Taking a ‘Lean UX’ approach to developing products and services tends to boost interaction between company employees, and is a key factor in creating a consistent user experience.
A Design graduate with French-US roots, Christian Égéa began his career with French strategic consultancy Attoma before joining US design consultancy Frog Design, working in Austin, Texas and later in San Francisco. Two years ago, after a decade in design consultancy, he joined Stanford Health Care in Palo Alto, California as Design Manager for the apps development team. Stanford Health Care’s renowned Stanford Hospital is recognised as one of the most connected hospitals in the United States according to ranking agency U.S. News & World Report. Here Christian Égéa shares with us his vision of the ‘Lean’ user experience – ‘Lean UX’ – which is the main focus of his work, and its impact on company organisation.
What does ‘Lean UX’, an approach that focuses hard on the user experience, mean in practical terms when it comes to the creation of physical or digital products?
Christian Égéa: Well, the transition that I have made in my own career, from working as an external design consultant to becoming a designer who is fully integrated into a single company, is a good illustration of how thinking has changed, leading to this approach to the design process which is known as ‘Lean UX’.
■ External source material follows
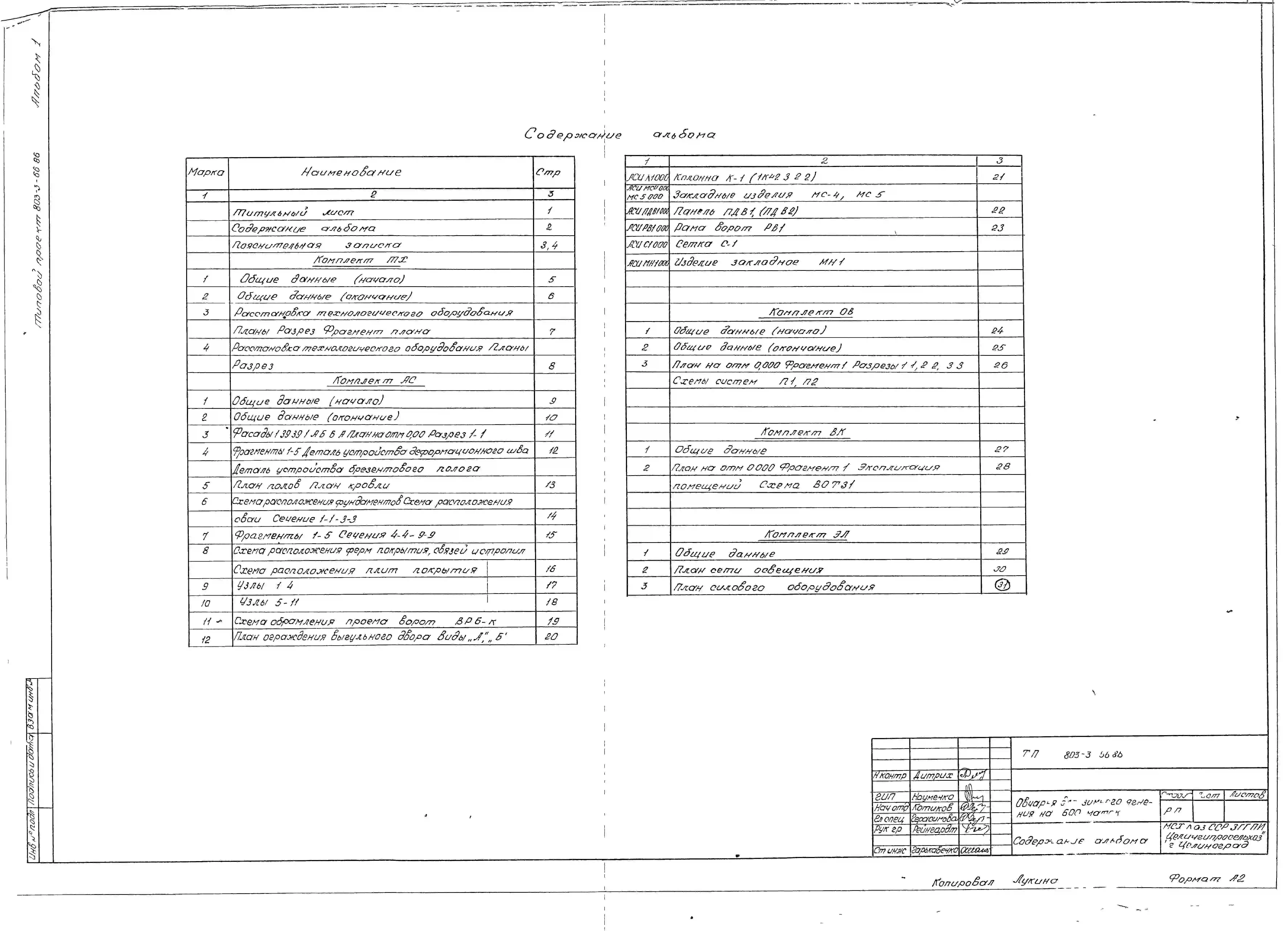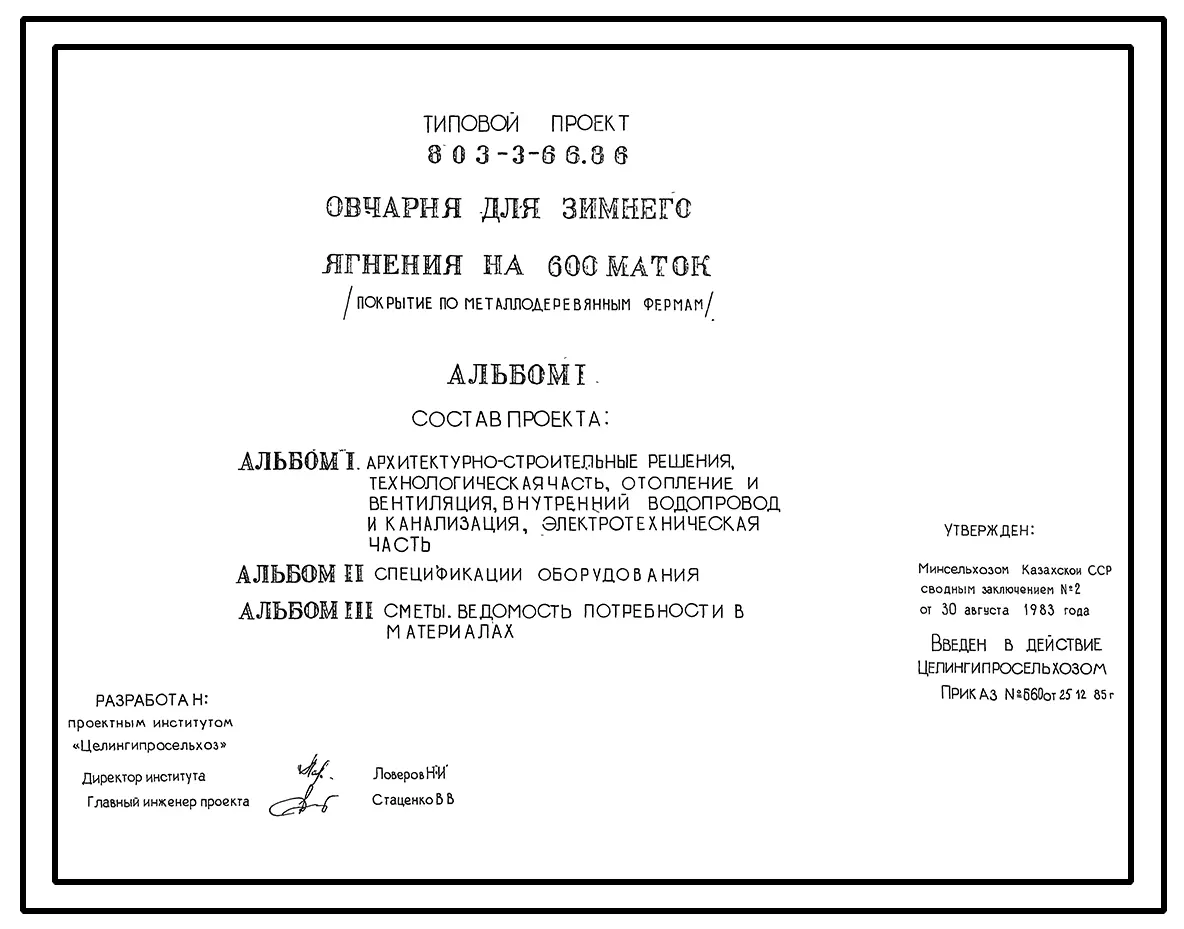 Типовой проект 803-3-66.86 Овчарня для зимнего ягнения на 600 маток (покрытие по металлодеревянным фермам)
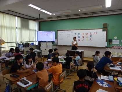 外国語活動の時間の様子です。アルファベットに親しむために、ビンゴゲームをしていましたが、大盛り上がりでした。

The forerunner of ‘Lean UX’ is in fact the ‘Agile’ methodology which began to be adopted in the early 2000s. The essence of the ‘Agile’ approach is to break a work task down into short, iterative sequences, each lasting just a number of weeks. ‘Lean UX’ sort of builds on the foundations laid by Agile by introducing a human-centred methodology.
To continue the comparison with my own career path, I went from consultancy, i.e. a system based on deliverables, to being a designer at the heart of Stanford Health Care, which calls for a continuous, long-term-focused approach to the work. And that’s exactly what ‘Lean UX’ is all about.
So how does adopting this particular approach to product creation change a company?
‘Lean UX’ encourages interdisciplinary collaboration. It brings together teams that in the past used to work in silos along traditional company dividing lines. Under the ‘Lean’ approach, employees – whether we’re talking about software developers, designers or marketing managers – have to work together because without smooth, continuous communication between them, errors will crop up that will impact the value chain and impinge on the final product, to the detriment of the user experience.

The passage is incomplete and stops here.